Chief executive Satya Nadella said the company was “increasing investments in AI across both capital and talent to meet the massive opportunity ahead.” He pointed to the growing success of Azure, Microsoft’s cloud business, and its suite of AI-powered products as evidence of “real-world impact.”
Investor enthusiasm, but questions remain
AI optimism has helped all three firms outperform the wider S&P 500 index this year, with investors betting on artificial intelligence as the next major driver of economic growth.
However, analysts have warned that it could take years for such vast investments to deliver meaningful financial returns.
Economist Aditya Bhave of Bank of America said AI spending has become one of the key forces sustaining the US economy.

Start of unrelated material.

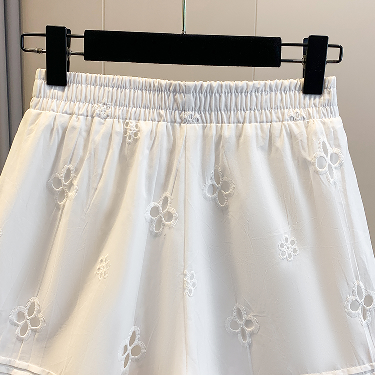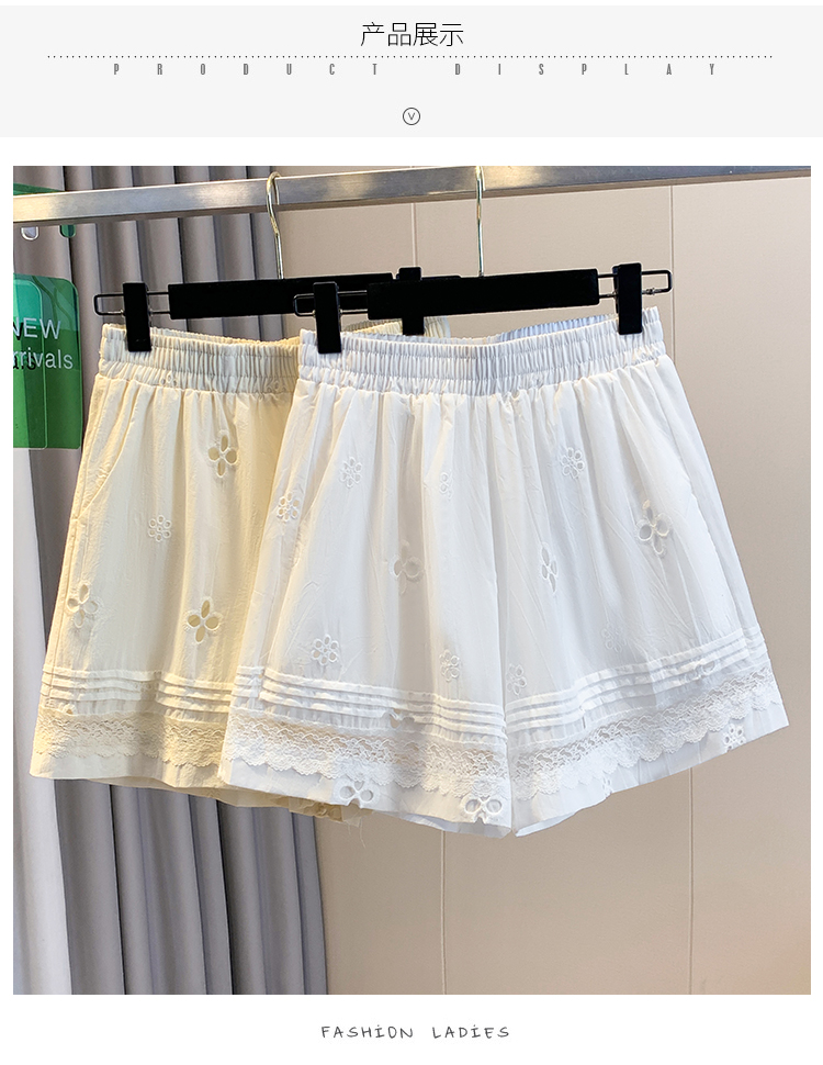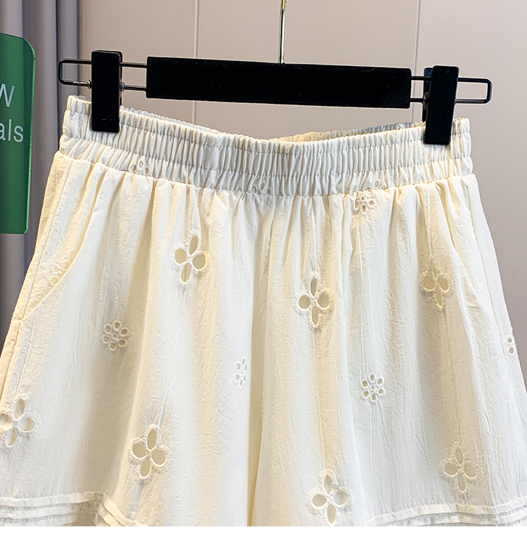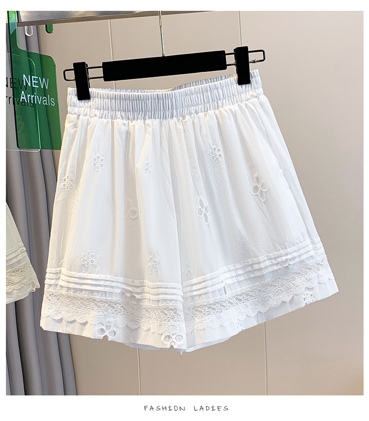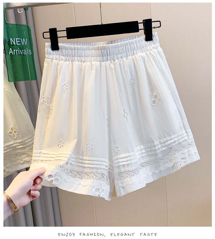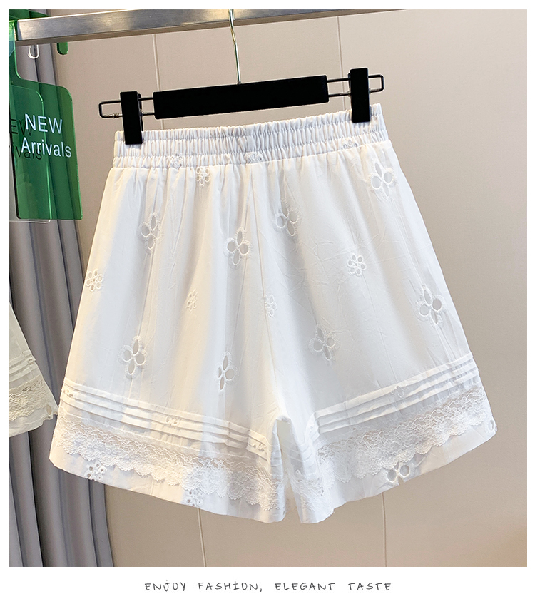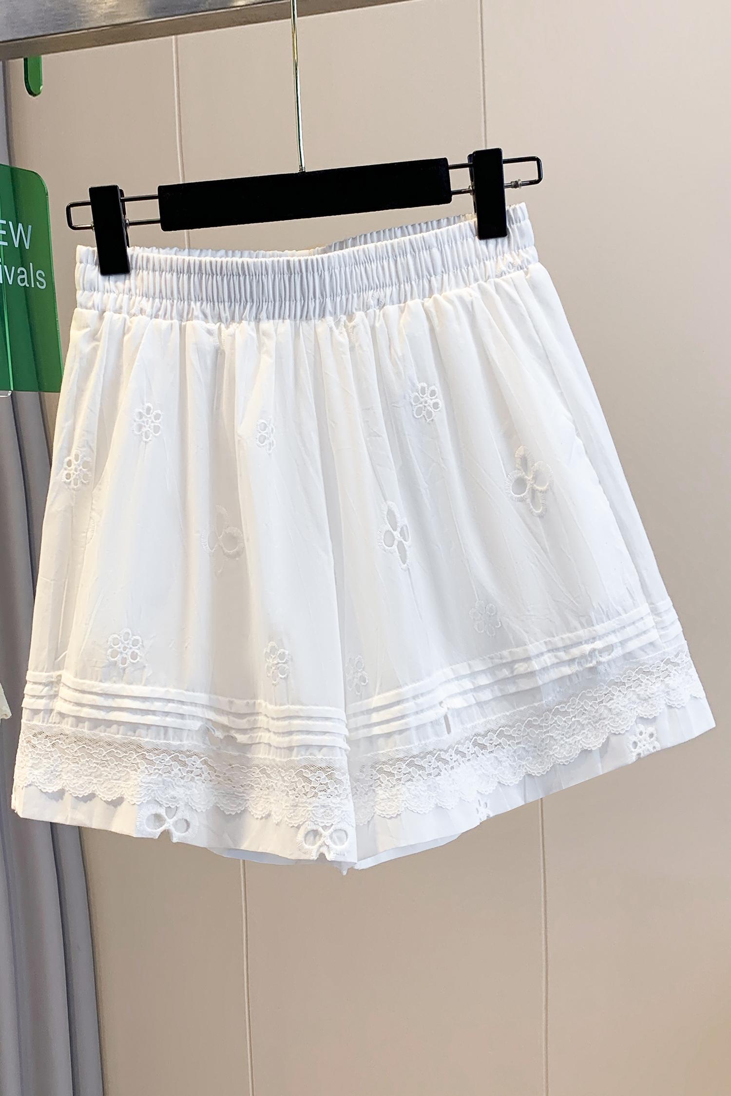 실사 레이스 조각 자수 홀로우 아웃 캐주얼 반바지 여성 2026 여름 새로운 하이웨이스트 루즈핏 넓은 다리 핫 바지

“The two things holding up the US economy in recent months have been consumers and AI-related business investment,” he said. “If the latter remains strong, it’s a bullish signal for GDP growth.”
Despite the mixed picture, the three companies all reported solid quarterly earnings. Meta’s profits fell 83% to $2.7bn due to a one-off tax charge, while Microsoft’s rose 12% to $27.7bn and Alphabet’s jumped 33% to roughly $35bn.
The figures underline how deeply AI is now embedded in Big Tech’s strategy — and how fierce the race has become to control its future.